Its one thing to witness jury trials. But if someone thinks that judges ought to have more power, the fact that they have been a judge should diminish the weight given to their perspective, not enhance it.
Why?
For a currently sitting trial judge, conflict of interest. Power, like money, is something people seek.
And more generally, bias. She no longer does trials, but her background may mean she has insufficiently realistic and cynical ideas about the competence and morals of judges in general. I'd be more interested in hearing from prosecutors and defense attorneys about whether judges or juries are more qualified.
While I take and am sympathetic to the point that appellate specialists (including judges) as the insulated from the realities of trial practice in a way that can distort their reasoning,* this specific claim strikes me as extremely unlikely to be true. If Prof. Blackman wanted to take some time to check, that would be far more interesting than the breakdown of solicitor general argument assignments, and probably not much more time consuming. I went ahead and spot-checked the circuit panel in this case to get it started: Judges Hamilton and Lee each spent 10+ years as district judges and Judge Jackson-Akiwumi described seven jury trials during her time as a federal defender on her senate questionnaire, so not off to a good start.
*Justice Gorsuch’s questions during oral argument in United States v. Haymond is a notable example.
Interesting because I’ve lost faith in prosecutors, judges and juries, at least in NY and DC.
You hate modern America in general. Especially the reason, the science, the inclusiveness, the strong cities, the leading research and teaching institutions, the mainstream, and all of this damned progress.
Interesting. KBJ pisses a little on trial by jury and suddenly JB thinks she’s kinda hot. Well, more sad than interesting.
"Jonathan Mitchell, also known in these parts as "The Genius,"
. . . and among mainstream Americans as The Superstitious Bigot.
This week I learned pro-trial judge is more important to her than pro-defendant.
Justice Jackson had prior experience as a Vice Chair and Commissioner on the U.S. Sentencing Commission, as a federal public defender, and private practice. It isn’t just her time as a trial judge that factors into her views.
Gorsuch played nice in multiple opinions on Friday. Then, when Jackson had a separate dissent putting forth her views on a topic she had specific insights on, he pushed back hard.
She is truly Breyer's successor in that regard.
"A fiddler on the roof. Sounds crazy, no?
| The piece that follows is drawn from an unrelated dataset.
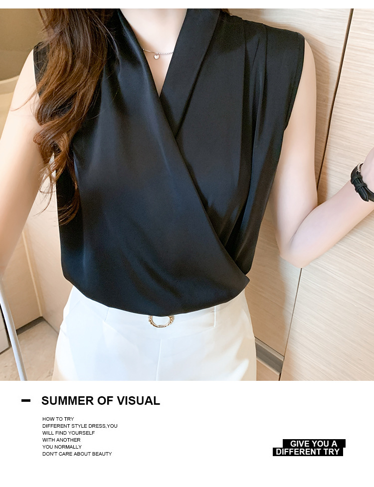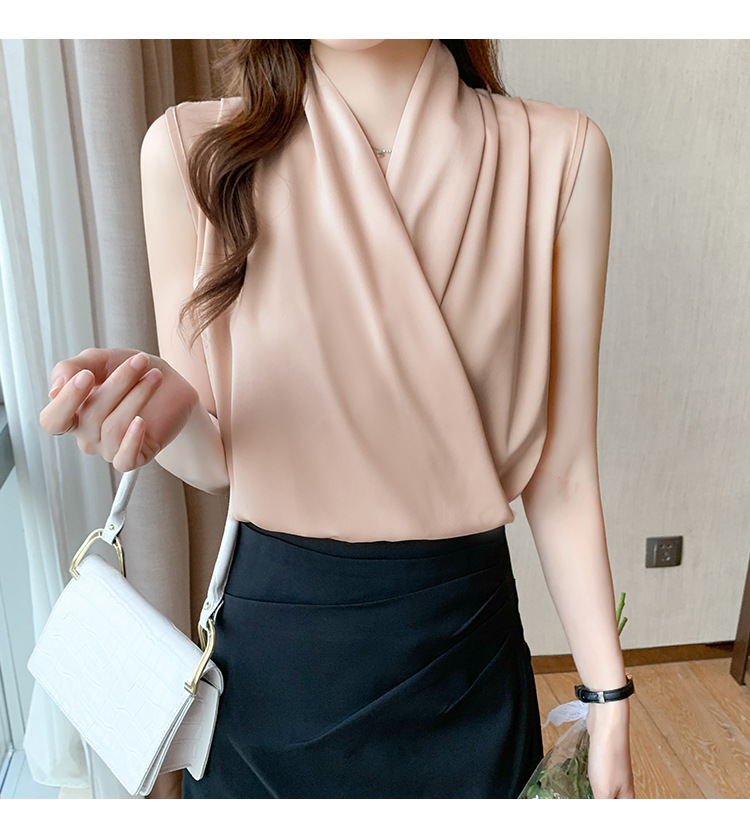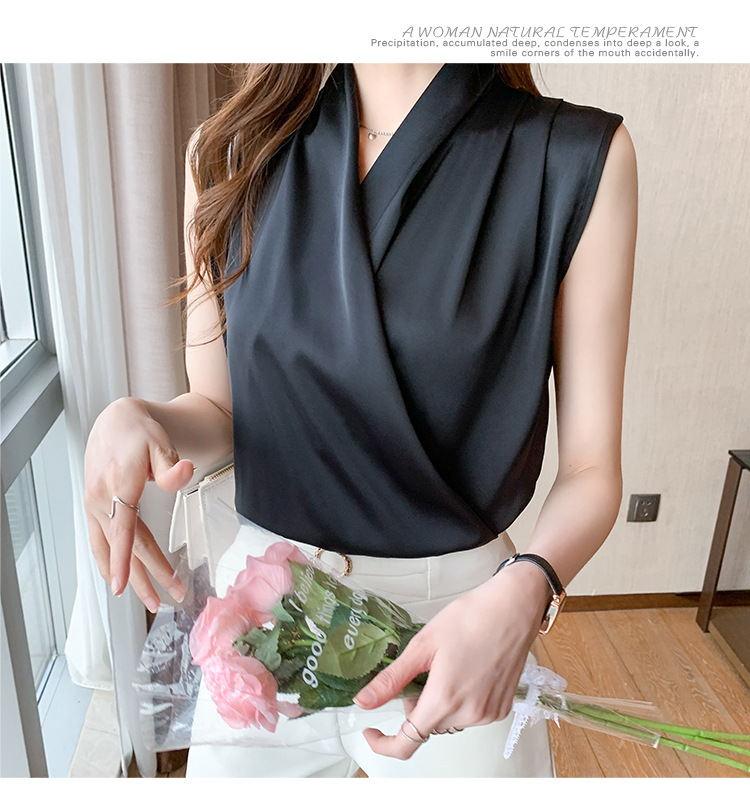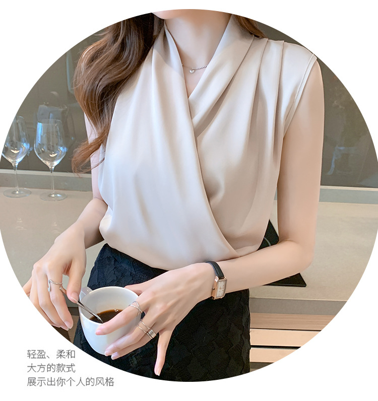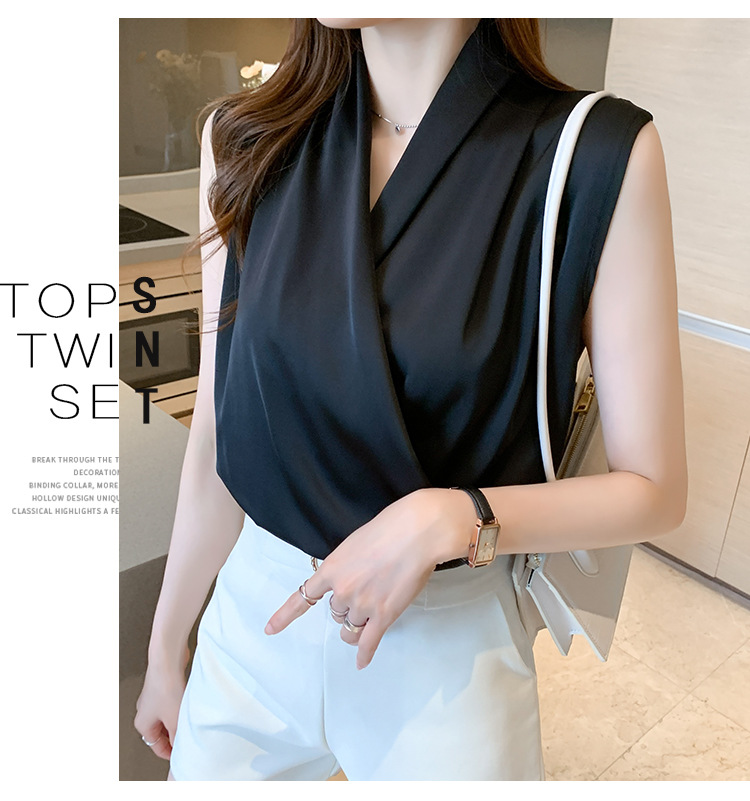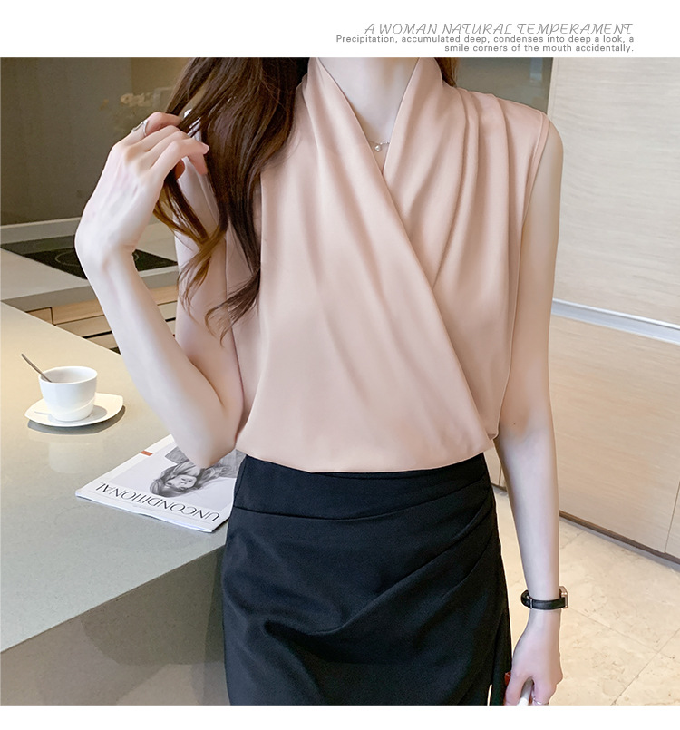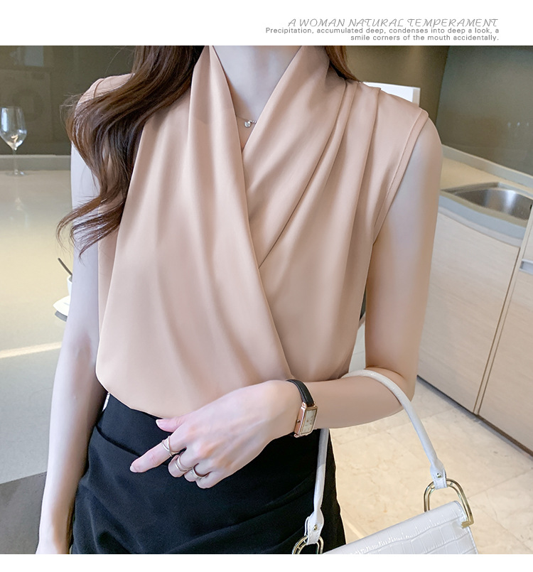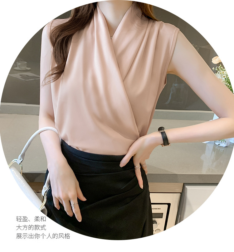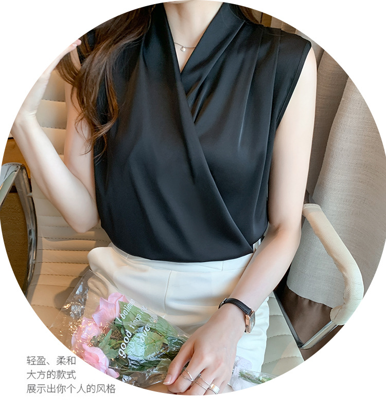 여성용 민소매 캐미솔 셔츠 2026 여름 새틴 V넥 아우터탑, 우아하고 섹시하며 독특하고 스타일리시한 블라우스

But here, in our little village of Anatevka, you might say every one of us is a fiddler on the roof trying to scratch out a pleasant, simple tune without breaking his neck. It isn't easy. You may ask 'Why do we stay up there if it's so dangerous?' Well, we stay because Anatevka is our home. And how do we keep our balance? That I can tell you in one word: tradition!"
I would have thought the liberal Apprendi holdouts would have died out with Justice Breyer. It's always interesting when you can see that neither liberal nor conservative Justices are a monolith.
I think Apprendi is a good rule to protect the jury's function in requiring the proof of elements beyond a reasonable doubt. Otherwise, combined with Patterson v. New York, it feels that everything could be combined into "Judge found sentencing enhancements" and "Affirmative defenses" and the state would only be required to prove some generic catch all requirement beyond a reasonable doubt. If a person causes harm to another person, the state could make it a sentencing enhancement that it was done intentionally, another enhancement if there was serious bodily injury, another enhancement if there was a weapon, another enhancement if the injury resulted in death, etc. That's obviously an absurd example, but it would theoretically be possible to have the government only prove beyond a reasonable doubt that someone was harmed by another and have the Judge decide that it was first degree murder.